The exchequer could suffer if Ireland makes unilateral changes to its tax system in response to international pressures, an accountant representing the profession has warned.
On Tuesday the chairman of the American Chamber of Commerce Ireland tax policy committee, PwC head of tax Feargal O’Rourke, said Ireland will not be able to sustain its current corporate residency rules in the context of the global debate on corporation tax.
He made the comment when welcoming the decision of the Department of Finance to hold a public consultation process on how Ireland should react to the current OECD base erosion and profit shifting (Beps) project, which is preparing recommendations on how to change global tax rules so as to counter aggressive tax avoidance by multinationals.

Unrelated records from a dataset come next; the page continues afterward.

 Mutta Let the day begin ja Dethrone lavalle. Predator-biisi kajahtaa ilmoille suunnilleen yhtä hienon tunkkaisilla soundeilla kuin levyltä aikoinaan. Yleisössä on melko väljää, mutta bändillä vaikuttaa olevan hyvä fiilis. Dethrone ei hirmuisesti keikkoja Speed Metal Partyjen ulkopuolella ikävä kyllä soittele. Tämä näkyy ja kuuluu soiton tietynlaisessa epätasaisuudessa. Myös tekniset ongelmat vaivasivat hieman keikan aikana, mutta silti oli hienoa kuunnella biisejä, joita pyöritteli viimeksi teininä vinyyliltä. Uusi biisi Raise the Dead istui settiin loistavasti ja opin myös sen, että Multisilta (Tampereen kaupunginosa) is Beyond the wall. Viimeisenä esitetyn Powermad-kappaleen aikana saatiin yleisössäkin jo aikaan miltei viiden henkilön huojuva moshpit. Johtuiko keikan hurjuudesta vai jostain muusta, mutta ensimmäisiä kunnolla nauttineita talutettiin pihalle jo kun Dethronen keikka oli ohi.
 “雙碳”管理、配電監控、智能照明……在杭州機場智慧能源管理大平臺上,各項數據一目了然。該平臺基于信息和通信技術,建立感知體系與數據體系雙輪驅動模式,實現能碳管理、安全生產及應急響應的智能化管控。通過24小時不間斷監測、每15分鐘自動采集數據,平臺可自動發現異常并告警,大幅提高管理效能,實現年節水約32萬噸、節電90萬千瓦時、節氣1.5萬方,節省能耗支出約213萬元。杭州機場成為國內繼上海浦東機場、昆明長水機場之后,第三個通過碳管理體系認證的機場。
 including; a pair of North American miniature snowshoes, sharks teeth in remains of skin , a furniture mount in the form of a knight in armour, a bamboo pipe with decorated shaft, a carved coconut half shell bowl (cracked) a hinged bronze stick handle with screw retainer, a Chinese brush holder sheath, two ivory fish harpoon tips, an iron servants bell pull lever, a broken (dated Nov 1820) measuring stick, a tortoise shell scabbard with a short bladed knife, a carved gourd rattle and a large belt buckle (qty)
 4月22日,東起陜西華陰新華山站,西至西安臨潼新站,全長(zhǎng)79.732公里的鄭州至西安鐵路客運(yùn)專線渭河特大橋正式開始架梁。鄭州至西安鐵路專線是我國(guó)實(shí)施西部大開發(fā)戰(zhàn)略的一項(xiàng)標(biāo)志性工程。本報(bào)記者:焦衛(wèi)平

Yesterday Brian Keegan, director of taxation with Chartered Accountants Ireland, who has been making representations on the profession's behalf to the OECD, said there were risks involved in making unilateral moves. "While some changes are necessary, inevitable and indeed are already happening – last year's amendment to the Corporate Residence rules was arguably an early consequence of the Beps project – there are risks to the national tax take if we do too much on a unilateral basis."

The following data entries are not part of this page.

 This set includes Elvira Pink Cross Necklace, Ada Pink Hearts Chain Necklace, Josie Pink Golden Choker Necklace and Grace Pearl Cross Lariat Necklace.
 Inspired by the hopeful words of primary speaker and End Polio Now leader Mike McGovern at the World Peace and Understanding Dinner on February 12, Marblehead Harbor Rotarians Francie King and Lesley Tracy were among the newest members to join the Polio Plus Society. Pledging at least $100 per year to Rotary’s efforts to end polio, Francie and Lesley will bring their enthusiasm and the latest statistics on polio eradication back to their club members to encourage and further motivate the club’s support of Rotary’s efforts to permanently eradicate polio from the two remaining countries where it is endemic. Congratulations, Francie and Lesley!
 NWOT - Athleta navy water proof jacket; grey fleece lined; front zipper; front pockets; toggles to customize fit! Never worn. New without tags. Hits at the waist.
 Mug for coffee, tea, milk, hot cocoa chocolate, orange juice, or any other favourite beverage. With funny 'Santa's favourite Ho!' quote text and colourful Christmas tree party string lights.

Last year, Minister for Finance Michael Noonan changed the law so that no Irish incorporated company could be "stateless" for tax residency purposes. However there is further pressure on Ireland to change the law that allows Irish companies be tax resident offshore, if they are deemed to be managed and controlled from such jurisdictions.
“If Ireland is the only country to change its residence rules, we will simply push business elsewhere, or indeed create further anomalies which could be exploited,” Mr Keegan said.